Panthers find their fight in 2011
This is an archived article that was published on sltrib.com in 2011, and information in the article may be outdated. It is provided only for personal research purposes and may not be reprinted.

Down 12-0 going into the bottom of the third inning against Syracuse High School on March 24, the West High School boys baseball team was three innings away from a run-rule exit from the state tournament.

Having suffered a painful 3-2 loss to eventual state runner-up American Fork High School on May 21, it would have been easy for the Panthers to take their lumps and limp out of contention and back into anonymity without a fight.

But that wasn't what West was about. Instead, they rallied for four runs in the third inning, two more in the fourth and another in the sixth before leaving the tournament with a 12-7 loss and their honor intact.

"They didn't want to be known as the team that folded [like] last year," first-year coach Tuckett Slade said, referring to West's season-ending five-game losing streak in 2010. "In the past, this team would falter in any adversity. A couple of bad pitches, a couple of bad innings and they were done."

It could have easily happened again when Syracuse mounted a 10-run rally in the second inning May 24. It could have happened when Skyline High School came from behind for an 11-9 win to end the regular season May 10 that made sure the Panthers couldn't catch Cottonwood for second place in Region 2. However, West ended its season battling.

That's what Slade was most pleased about from his team — particularly, the seniors — this season. Whether it was Chance Abrath delivering five innings of shutout relief against Syracuse to keep West's hopes alive or the four-run sixth inning the Panthers orchestrated in a 9-7 win over Copper Hills High School in the first round of the tournament, the team never rolled over and played dead the way opponents have come to expect.

"Everyone's always going to pick the other team over us," Abrath said. "I think we changed some teams' minds this season."

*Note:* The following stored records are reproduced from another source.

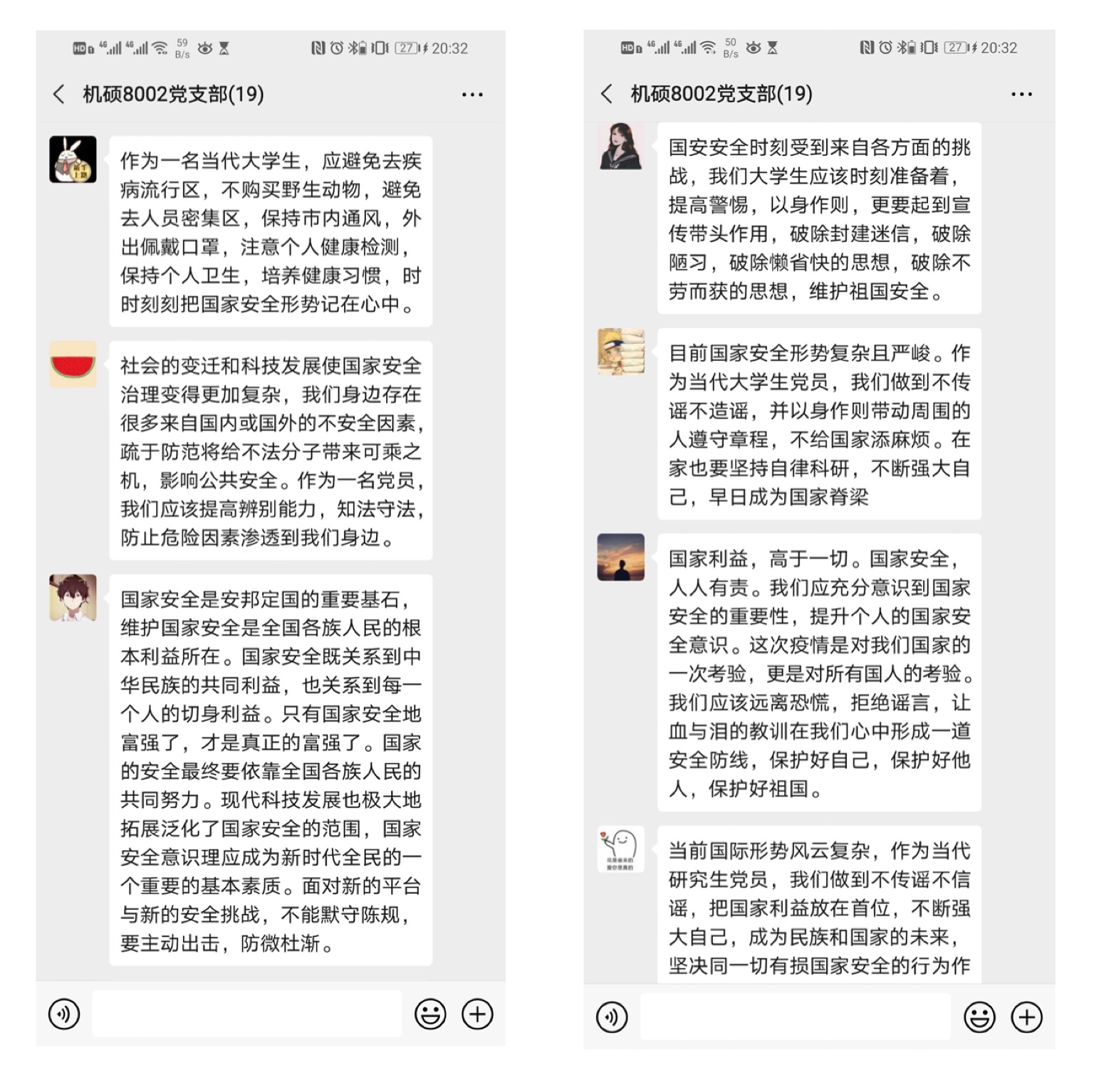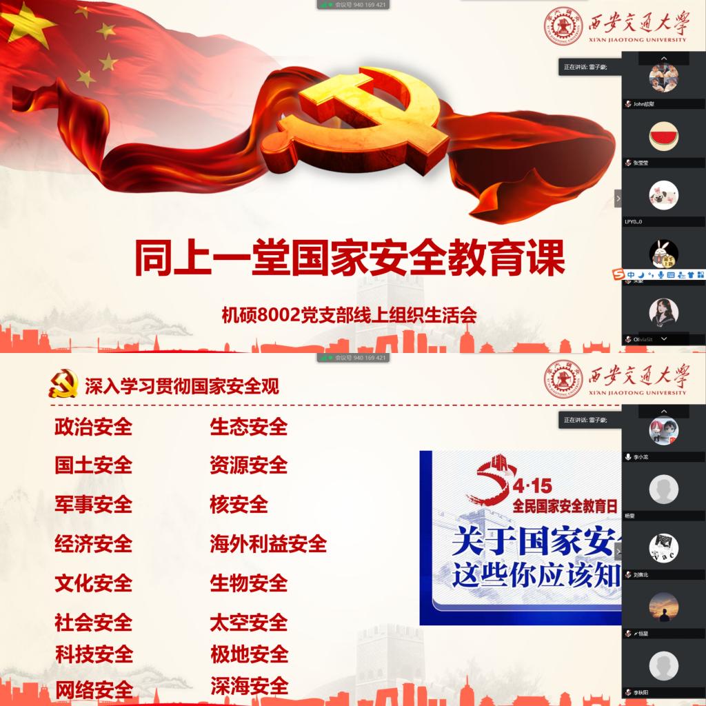 2020年4月15日下午14:00,西安交通大学米兰网页版硕8002班党支部通过腾讯会议及微信群开展了主题为“同上一堂国家安全教育课”的线上党组织生活会,会议由党支部书记雷子豪主持。
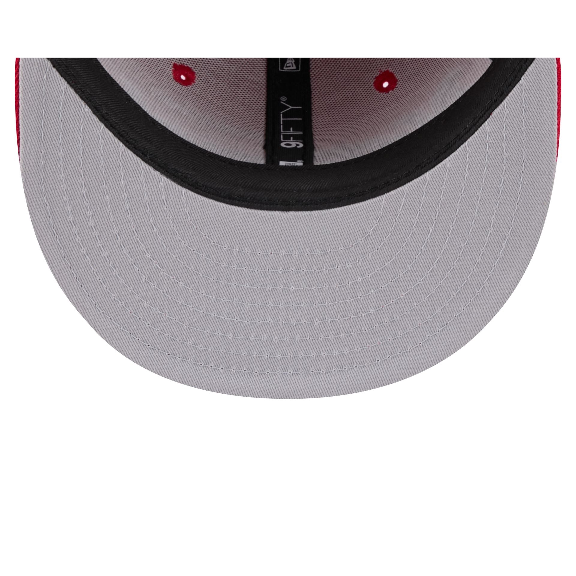 The Washington Nationals Kids 9FIFTY Snapback Hat features an embroidered Nationals wordmark at the front panels with a matching team logo at the right-wear side. Additional details include a gray undervisor and a snapback closure at the rear.
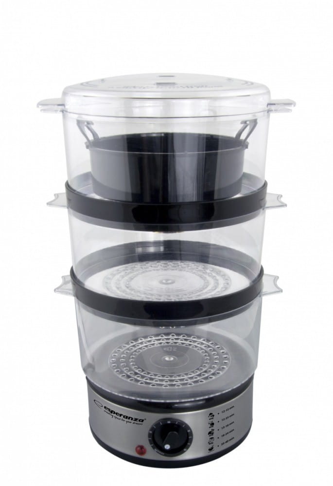 Parowar Esperanza STEAM VOLCANO to niezastąpione urządzenie w każdej kuchni. Pozwala szybko przygotować nawet kilka dań w tym samym czasie, zachowując przy tym ich naturalny zapach i smak.
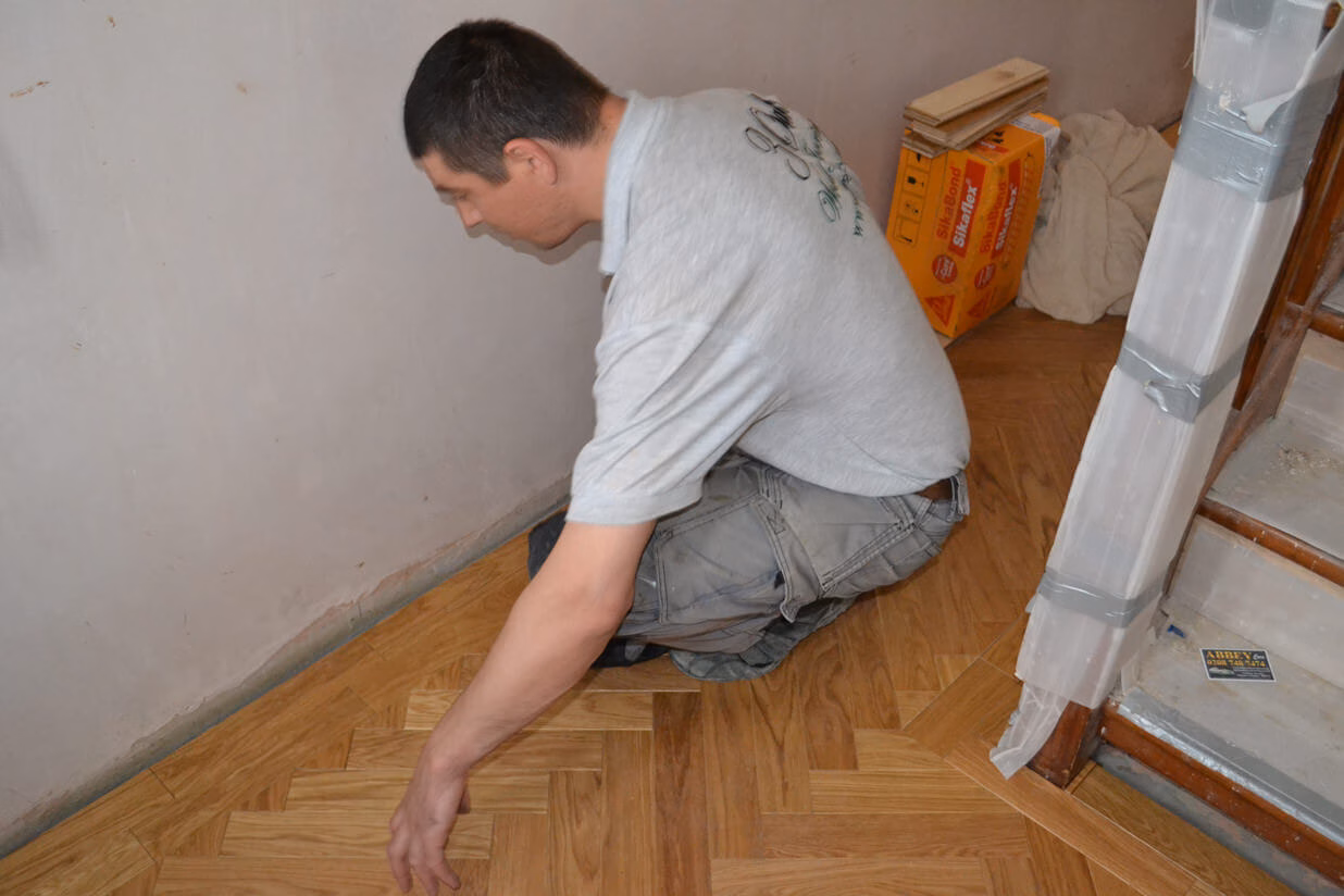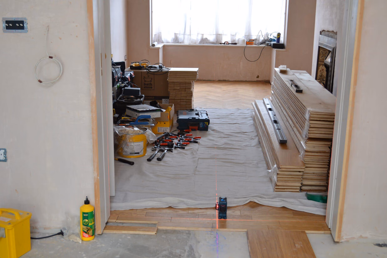 The parquet block size chosen was 21mm x 70mm x 350mm it was also decided to go for a double block border which finished of the herringbone pattern nicely.

Abrath and fellow senior Michael Valdez combined for a 9-6 record on the mound in the regular season and were the team's two biggest bats, followed by seniors Nico Soliz and Adrian Archibeque. There is plenty of work for Slade to do to keep the program's momentum churning in 2012.

He expects Eric Takenaka to be one of the state's best defensive shortstops thanks to his first full season playing the position on varsity and rare range and flexibility.

Alex Espinosa will be an important piece to West's future as will other underclassmen that need to be developed. Lesson No. 1, Slade says, is to learn to fight the same way the class of 2011 did.

Baseball • First-year coach expects more feisty play in 2012.